The best way to access memory-mapped peripherals is with the kernel's ioremap and friends.
First, declare that you want to use a specific region of memory for your peripheral:
struct resource *res = request_mem_region(0x50000000, region_size, "at91");
When you unload your driver, you will want to free that memory region.
release_mem_region(0x50000000, region_size);
Now, you can remap the I/O region before use.
void *ptr = ioremap(0x50000000, region_size);
If you want to prevent caching of these registers, use ioremap_nocache instead.

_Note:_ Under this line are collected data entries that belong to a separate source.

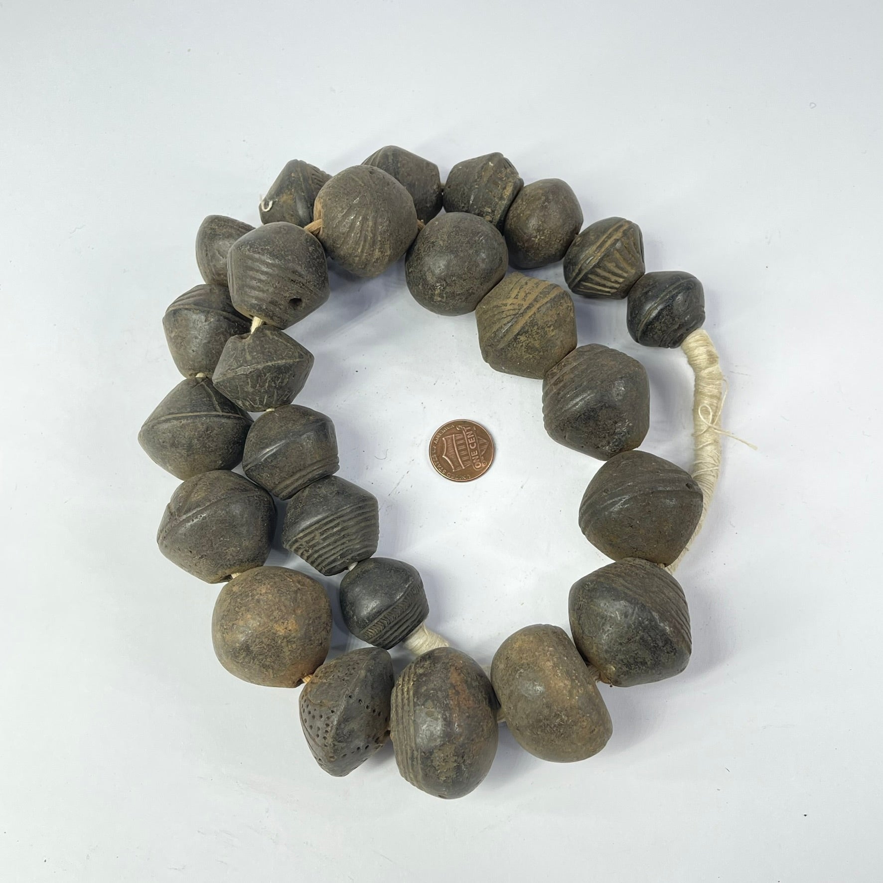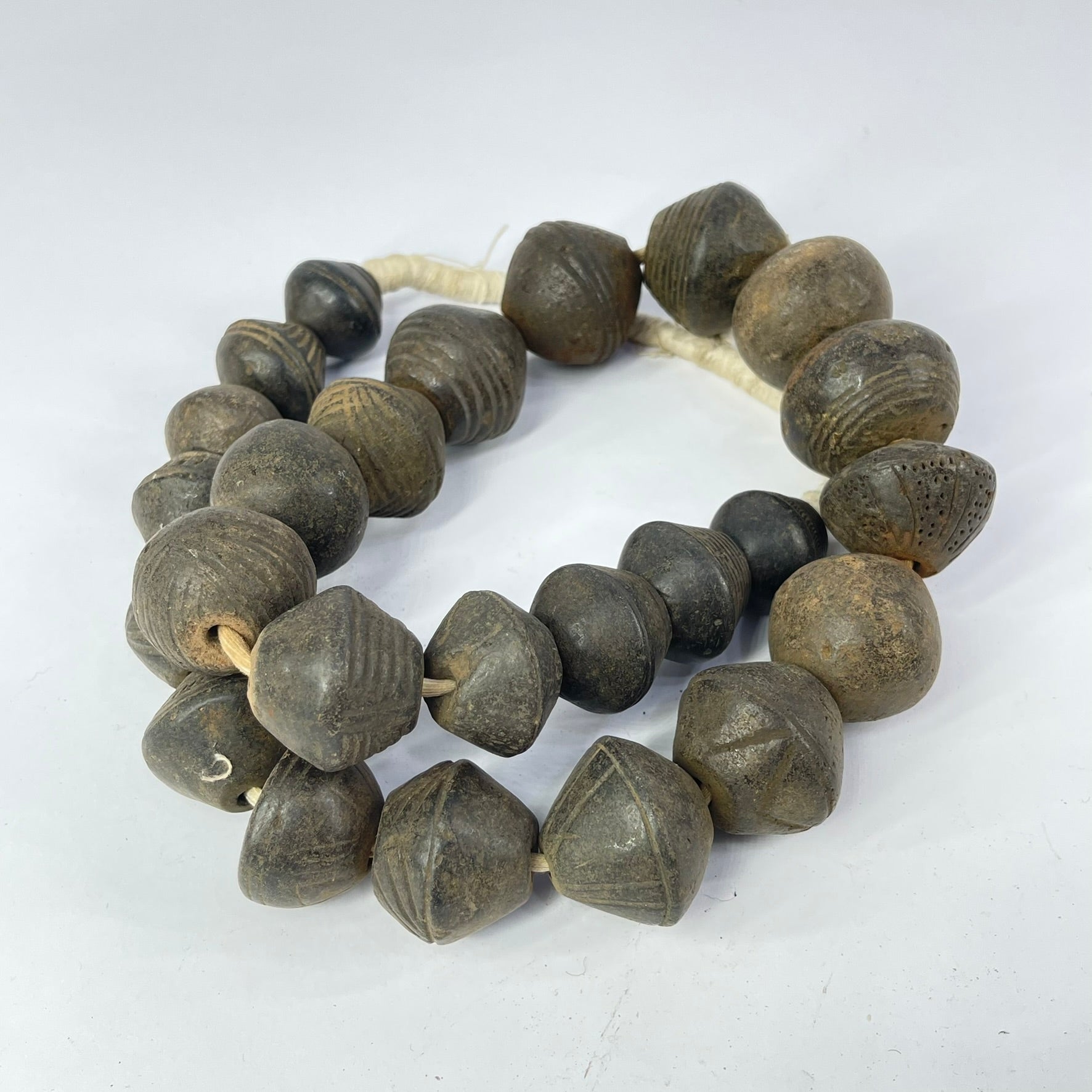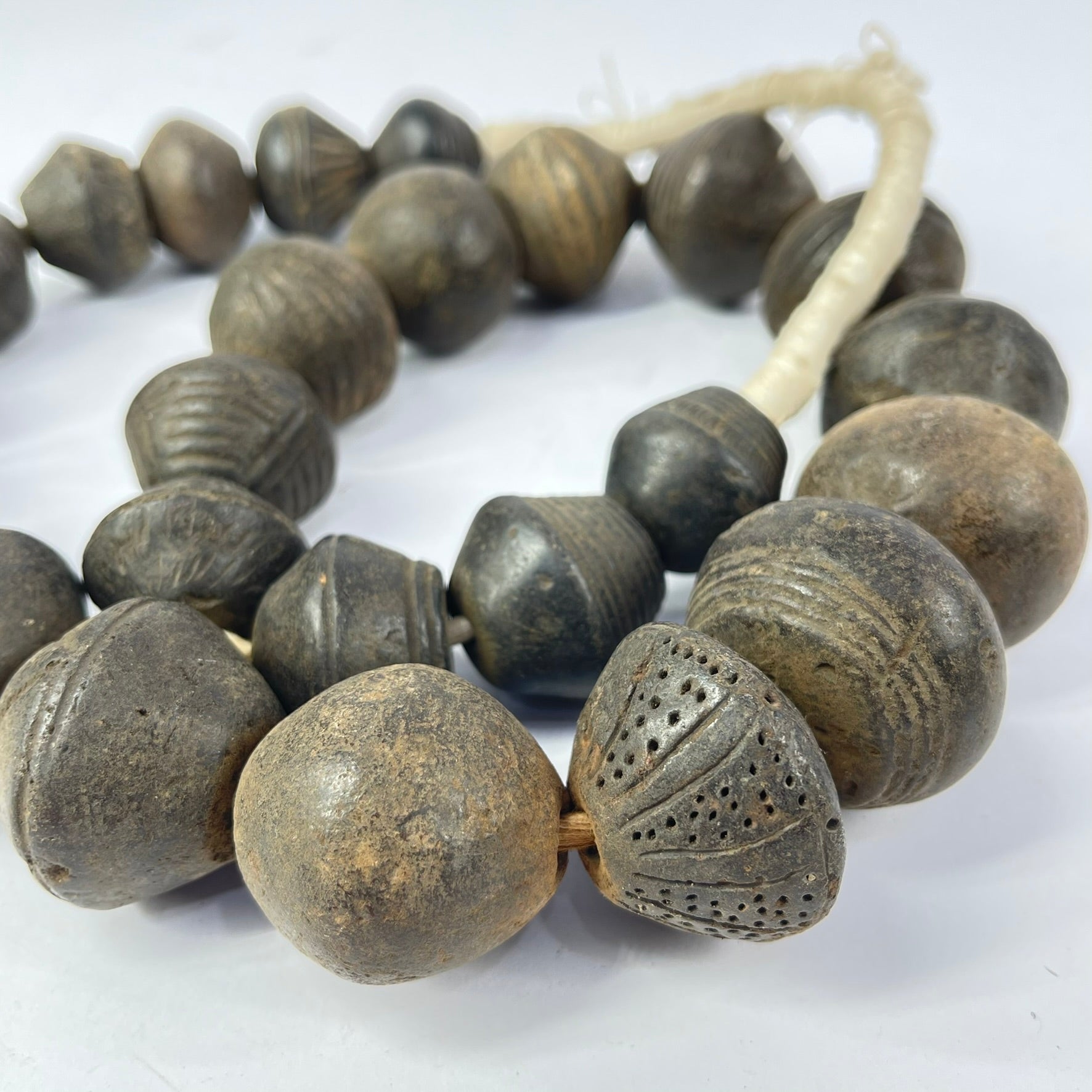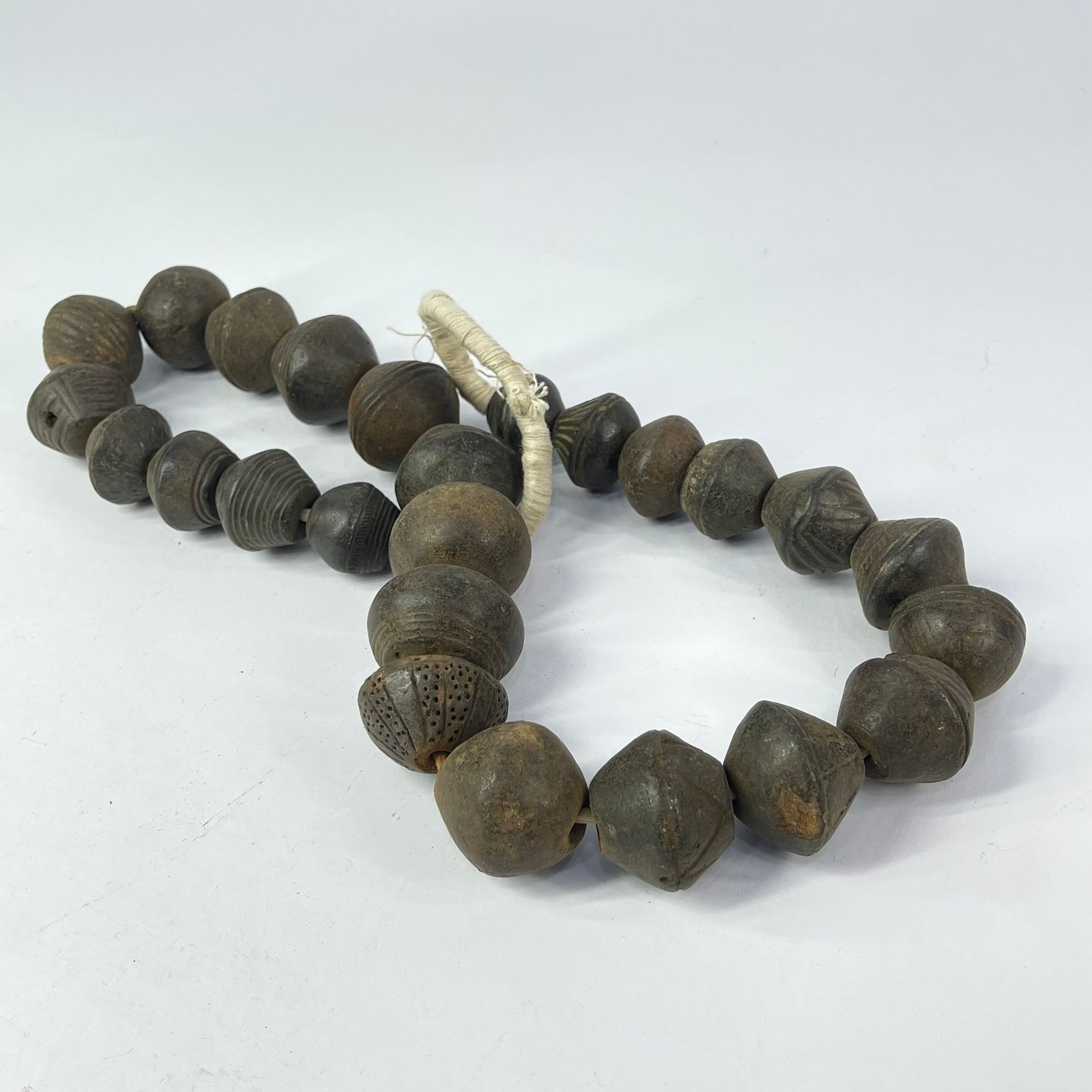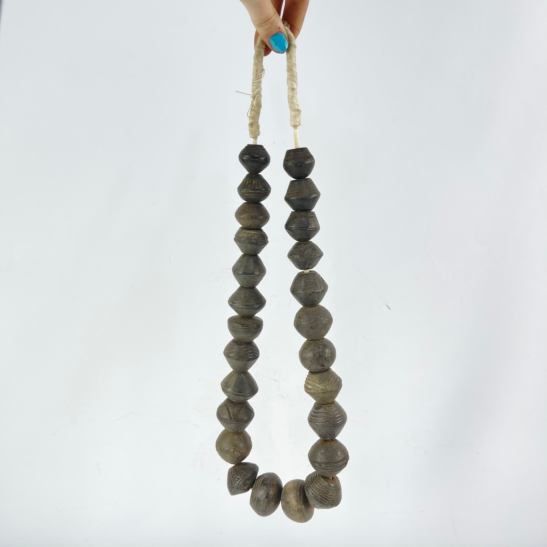 Old Dogon Clay Spindle Whorl Trade Beads Mali 32inch
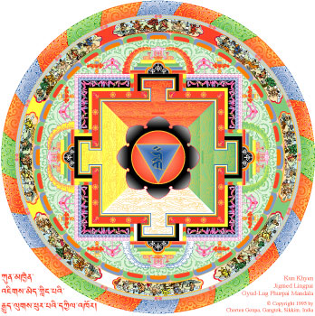 This is the mandala of Phurba based on the kama tantric tradition as composed by Kunkhyen Jigmed Lingpa. It is available in both 11-inch and 5.5-inch sizes.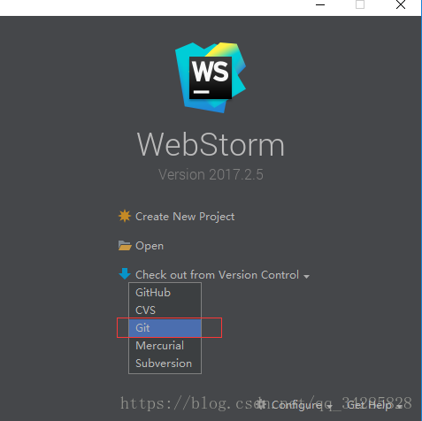第二步:打开webstorm 如下界面:点击git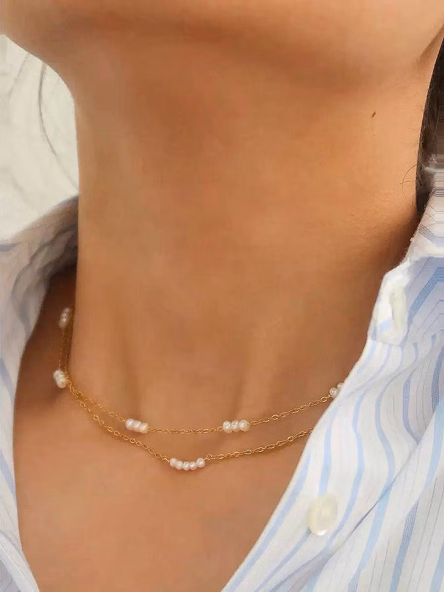 Halsband i högpolerat rostfritt stål som är PVD-pläterat med 18K guld. Tidlöst smycke tillverkat i ett vattentåligt, allergivänligt och slitstarkt material som håller dem fina länge. Bada, duscha och träna utan att oroa dig för att de ska tappa färg.

You can also only remap a subregion of your device's memory space if you're only using that part.
Now that you have the iomapped region, you can do I/O on that memory.
iowrite8(value, (char *)ptr + reg);
unsigned int val = ioread8((char *)ptr + reg);
Once you're done reading from and writing to that region of memory, you can unmap it.
iounmap(ptr);
I hope this helps. I would recommend reading (or at least using as a reference) Linux Device Drivers, 3rd Edition, which can be read online for free.